限界集落 飛騨匠の挑戦 ~“巣づくり”の鼓動 -5 ~

巣づくり”の鼓動 -1|故郷の里山消さない今日は建前。取材当日は見事なまでの五月晴れ。現場には活きのいい飛騨匠集団が勢揃いした。柱や梁をつり上げるクレーンエンジンの重低音が作業開始の合図。匠たちが一斉に、足場を頼って巧みに自分の持ち場へと移動。いよいよ始まる。何十回と打ち合わせをした家が、図面や模型ではなく家という形になって誕生する日が建前だ。この建前は匠たちにとっては最初の腕の見せどころだ。ふだん気さくな匠たちも、何かいつもとは違うオーラを発しているように感じる。前日に敷設された土台の上にまず何十本もの柱が組み込まれ、そこに梁という柱と柱を持たす木が横に組まれていく。
 
わたしの祖父は2人とも大工だった。
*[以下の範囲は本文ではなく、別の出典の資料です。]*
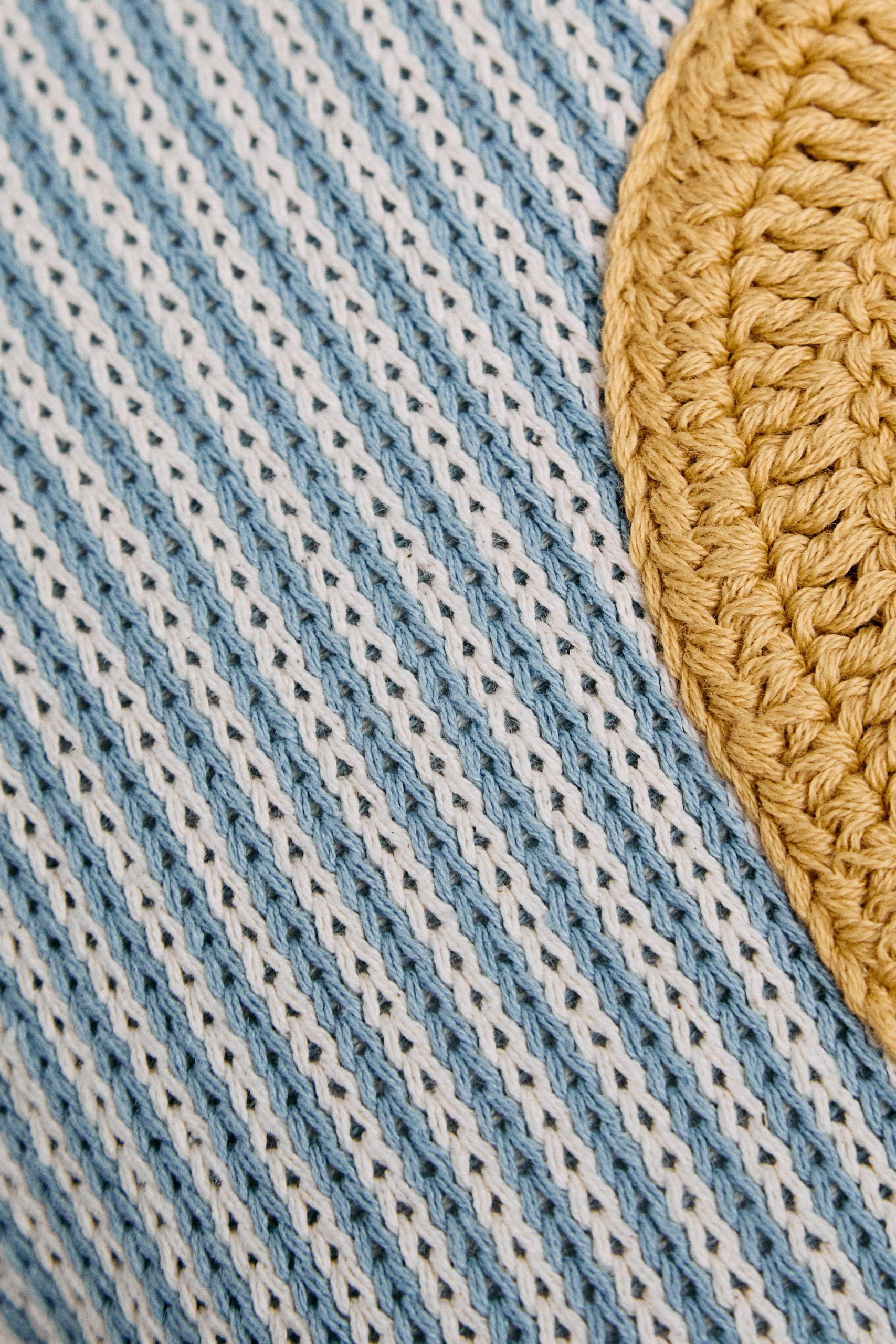 - Pamuklu, çizgili tasarımlı ve ortasında “A” harfi işlemeli çocuk kırlenti. Dolgu dahildir.

小さい頃のおぼろげな記憶の中では、土場で木に墨を打ち、そして柱を差し込むほぞを彫り、柱と柱を接合する仕口を作るお爺さんの顔には余裕があり、そこが私の遊び場だった。
 
ところが建前3日くらい前になると、ふだん優しい爺さんたちがあまり口をきいてくれなくなる。祖母に聞くと、「建前まであと数日だからだよ」と言って聞かされた。神経を研ぎ澄ました爺さんは、家族との距離をおのずから置いていた。当時の建前は集落の多くの人々の手を人工(にんく)として借りて行うため、棟梁(とうりょう)にとってみれば、間違いは一世一代の恥。ミスは許されないのである。それだけに「大工ほど神経を使う仕事はないよ」というのが祖母の口癖だった。
 
時代が移り技術も進歩し、手刻みという作業は少なくなったが、ここにいる匠たちは木を熟知し、手刻みのできる軍団である。プレカットとはいえ、木組みに対する注文はすこぶるうるさい。機械化が進んだ中でもこだわりのある匠たちである。
 
建前が最終場面を迎えた頃、ふとお客さんの顔を見るとなんとも言えない感動が伝わってきた。よくここまで来たという安堵感と、いよいよこの人達と家づくりが始まるんだという期待感にあふれている。家づくりはいろいろと手間がかかり苦労も多いが、一緒に家を作り上げていくという感動はその何十倍も価値のあるものとなる。これから家を建てられるお客様には、たっぷりこの感動を味わっていただきたいものだと思った。